*Work to complete*: An exact reproduction of the lines below, from the first through the one with "Independientemente de la", is the whole answer; pictures have no place in it.

*Information shown*:
■ ■ ■ ■

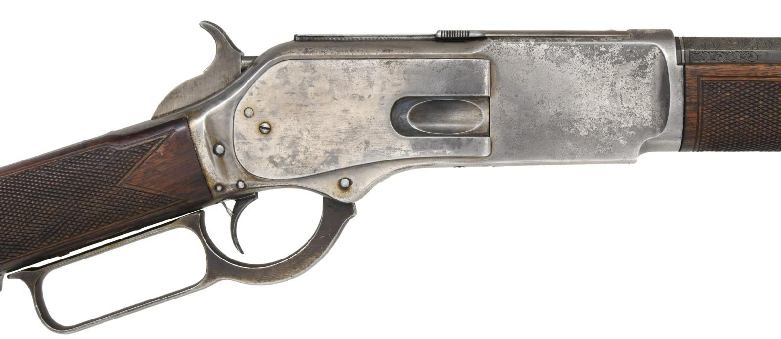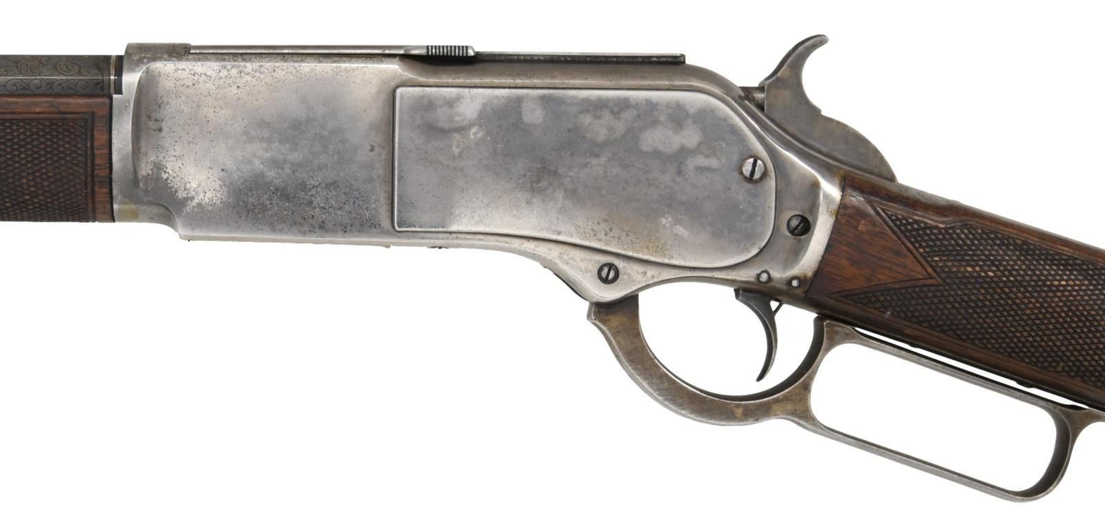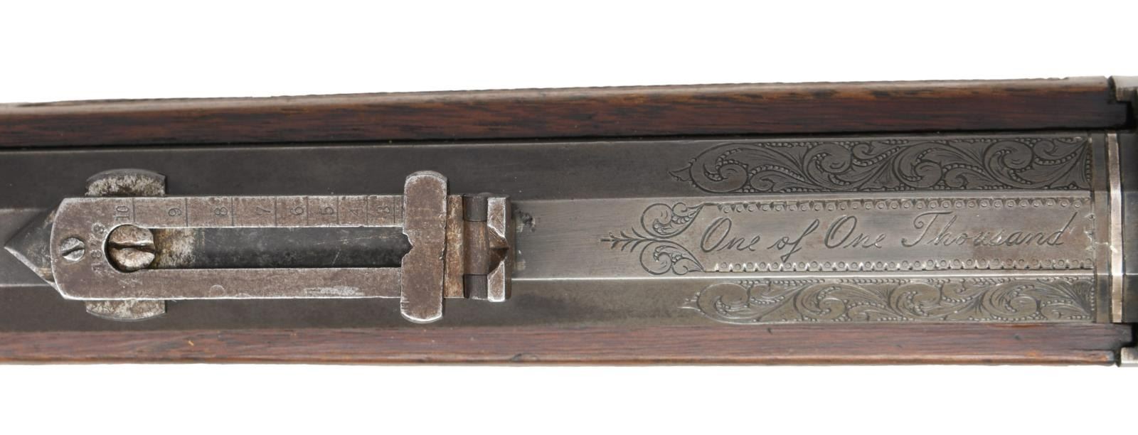 ACTION RIFLE. Cal. 45-60. S# 10034. This rifle is nicely upgraded to the 1 of 1000 specifications & would make a nice display piece in any collection. S# appears to be altered to match an original 1 of 1000 rifle. Top flat at breech end of bbl. is engraved "One of One Thousand". Breech & muzzle ends of bbl. have platinum inlaid bands w/ scroll engraving on the flats. Bbl. 28" octagon w/ German silver blade rocky mountain front sight & folding leaf rear sight. Full length mag. Case colored action. Single set trigger. Walnut forearm & straight grip stock w/ crescent steel trapdoor buttplate. Stock & forearm have coarse added checkering done in the factory style. CONDITION: attractive rifle w/ much original finish. Bbl. & mag. tube retain 70% dull thinning blue w/ touch-up in engraved areas. Action retains 20% lightly visible case colors w/ balance fading to silver/gray. Wood has moderately worn original finish showing scratches, marks & small dents. Sound action w/ functioning set trigger. Dark lightly pitted bore retains intact rifling. (01-24557/DS). ANTIQUE. $12,000-24,000.
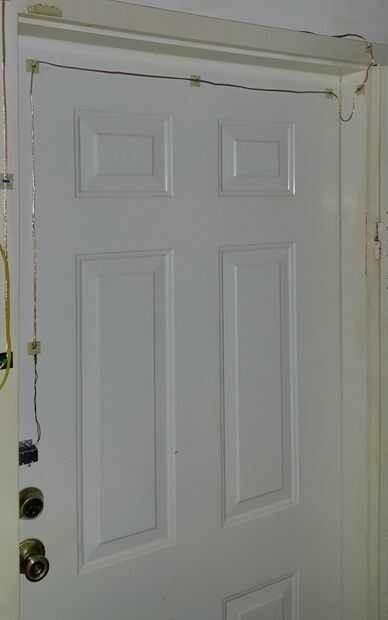 Independientemente de la cerradura o pestillo de la encaminamiento del alambre que es bastante habitual. Mi puerta es sólida por lo que no tenía ninguna opción pero al enrutar el cableado externamente en la sala.
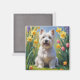 A cheerful dog sits peacefully on lush green grass, surrounded by colourful spring blooms under a soft blue sky. This digital oil painting captures a serene moment with expressive brushstrokes, warm colours, and a sense of gentle joy.
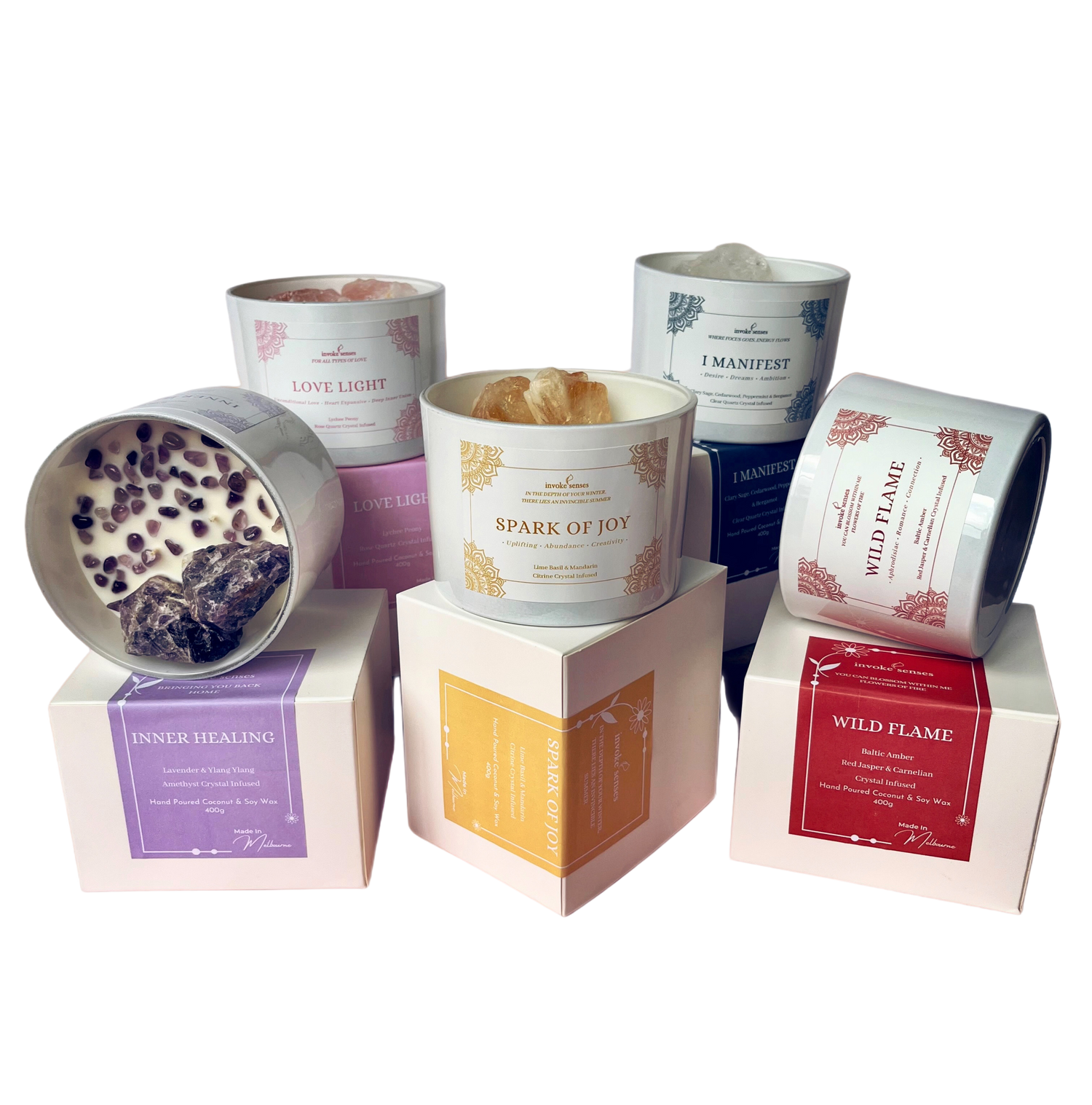 invoke senses specialises in crafting exquisite handmade candles to provide a truly sensory experience. Inspired by the captivating and restorative world of crystals and the soothing essence of botanicals, invoke senses is a haven where the transformative power of nature's treasures comes to life.

■ ■ ■ ■

*Answer*:
 ACTION RIFLE. Cal. 45-60. S# 10034. This rifle is nicely upgraded to the 1 of 1000 specifications & would make a nice display piece in any collection. S# appears to be altered to match an original 1 of 1000 rifle. Top flat at breech end of bbl. is engraved "One of One Thousand". Breech & muzzle ends of bbl. have platinum inlaid bands w/ scroll engraving on the flats. Bbl. 28" octagon w/ German silver blade rocky mountain front sight & folding leaf rear sight. Full length mag. Case colored action. Single set trigger. Walnut forearm & straight grip stock w/ crescent steel trapdoor buttplate. Stock & forearm have coarse added checkering done in the factory style. CONDITION: attractive rifle w/ much original finish. Bbl. & mag. tube retain 70% dull thinning blue w/ touch-up in engraved areas. Action retains 20% lightly visible case colors w/ balance fading to silver/gray. Wood has moderately worn original finish showing scratches, marks & small dents. Sound action w/ functioning set trigger. Dark lightly pitted bore retains intact rifling. (01-24557/DS). ANTIQUE. $12,000-24,000.
 Independientemente de la cerradura o pestillo de la encaminamiento del alambre que es bastante habitual. Mi puerta es sólida por lo que no tenía ninguna opción pero al enrutar el cableado externamente en la sala.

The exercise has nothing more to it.